Traumatized, but dignified, like Ninon, 23 years old, crushed by the feeling of injustice. Sexually assaulted by her superior a few years ago, she had the courage to speak out, she and seven other women, who accused her in particular of rape. But in response, the army imposes a new unit commander and above all silence regarding the “incident”. Lonely, Ninon goes on sick leave... until being written off in 2023 for unregularized absences. At the same time, his attacker received a promotion! Widespread impunity reports

Match 

: of the 226 cases of sexual violence or sexist outrage reported in the Army in 2023, barely half were the subject of disciplinary sanctions.

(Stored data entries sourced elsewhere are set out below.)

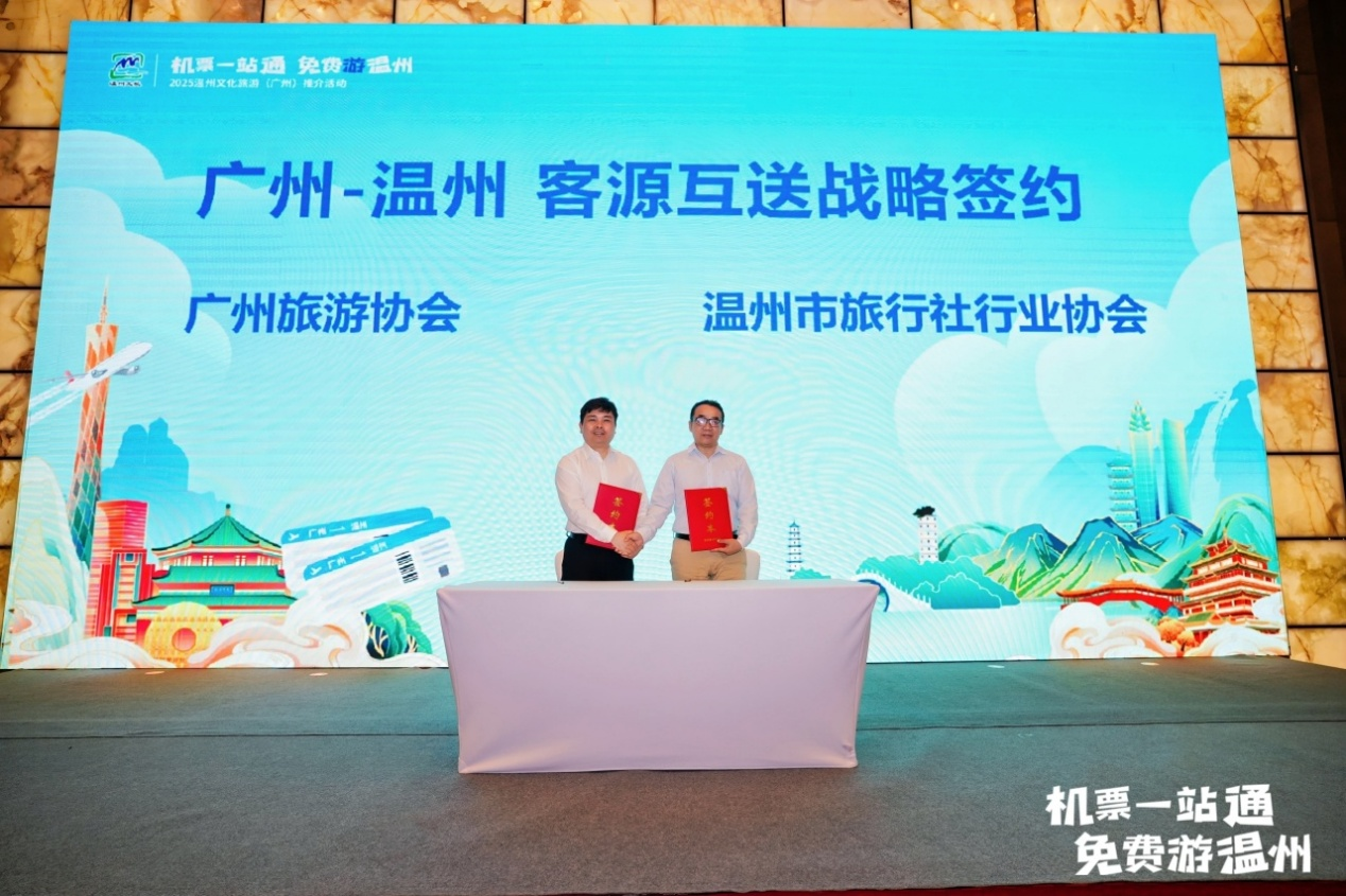 为激发市场活力,温州市文化广电旅游局联动各县(市、区)文旅主管部门,针对旅行社推出梯度奖励机制,涵盖大型团队接待、疗休养团队组织及市场推广等多元化场景。现场举行了“机票一站通 免费游温州”签约仪式,广州旅游协会与温州旅行社行业协会就客源互送达成战略合作。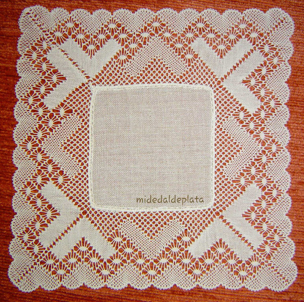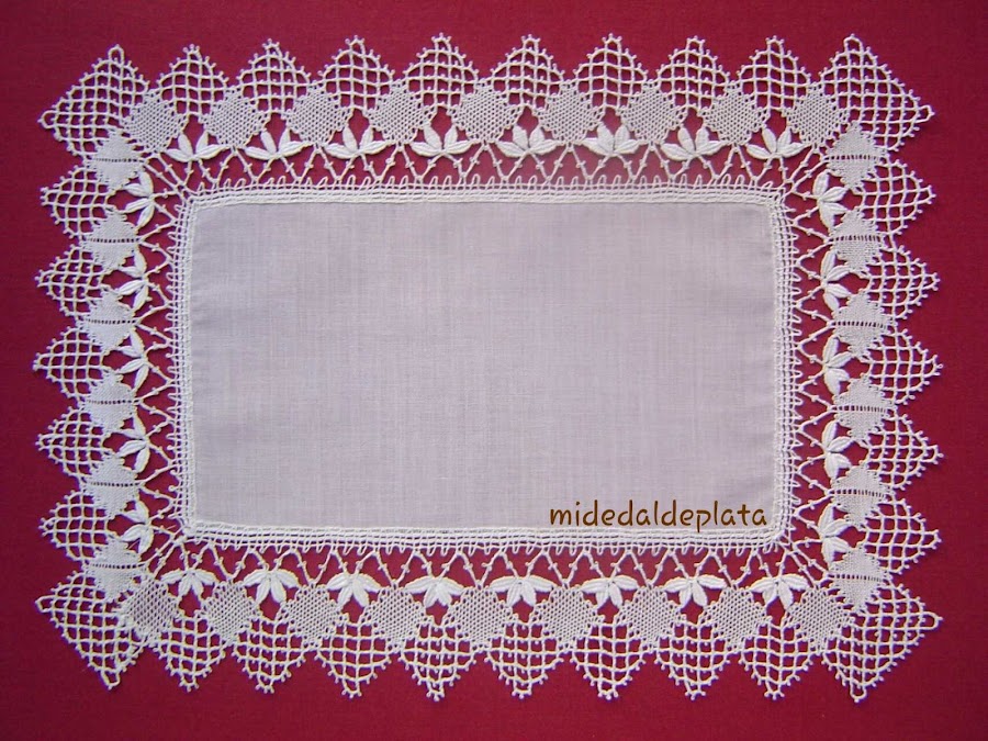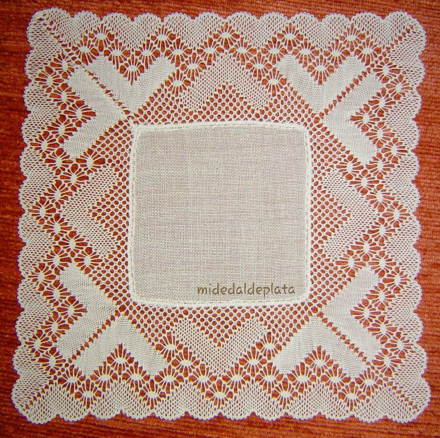 Para hacer pañitos cuadrados lo mejor es utilizar una torta de bolillos redonda, y hacerla girar para confeccionar cada cuarterón del pañito.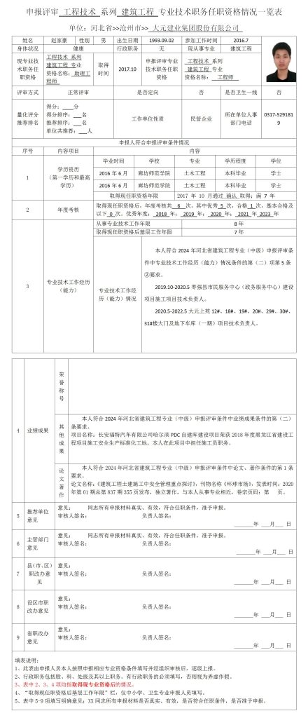 赵家豪申报评审工程技术系列建筑工程专业技术职务任职资格情况一览表
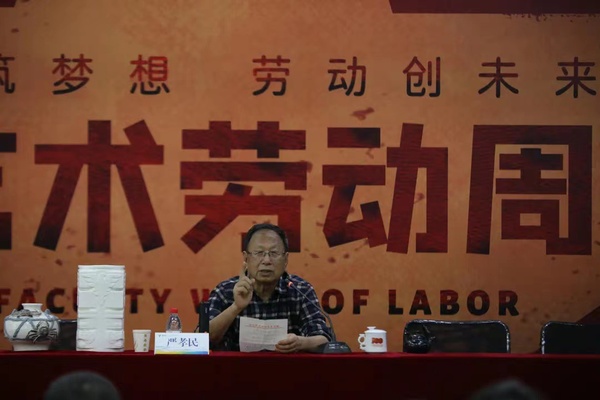 开幕式结束后,学院还邀请了全国五一劳动奖章获得者、浙江省第六届人大代表、高级工程师、浙江省工艺美术大师、浙江省陶瓷艺术大师严孝民,为同学们作了题为“加强劳动教育,弘扬工匠精神”的专题讲座。严老师在讲座上介绍分享了自己工作奋斗经验,并结合自身创作作品讲述了艺术构思技巧,同时向同学们提出了以下几点期望要求:一是学校是知识的源泉、人生的基础,希望同学们抓住有限的在校时间,好好学习、丰富知识;二是希望同学们能博览群书,形成大思维,既继承前辈,又逐步建立起自身艺术创作的独特风格;三是希望同学们要学会抓住人生不同时期的机会,在机会中实现自己的理想。

Finally, discover the story of the training of Ukrainian athletes, who continue their preparation for the Olympic Games, despite the war. These are champions who dream of the Games, read in

L'Express

this week. The weekly immerses us in kyiv, in the daily training, threatened by a missile or a drone. Several times a day, the diving team interrupts their training to take refuge under the pool, in the shelters. Recovery, essential for athletes, is also undermined by stress and waking up suddenly to the echo of the bombings. With the airspace closed, it takes them several days to travel to preparatory competitions abroad. But there is no question of giving up. For Oleksiy, winning an Olympic medal is a dream: "A lot of people would hear good things about Ukraine," he confides, he who wants to prove that we can get on the first step of the podium, even when his country is at war.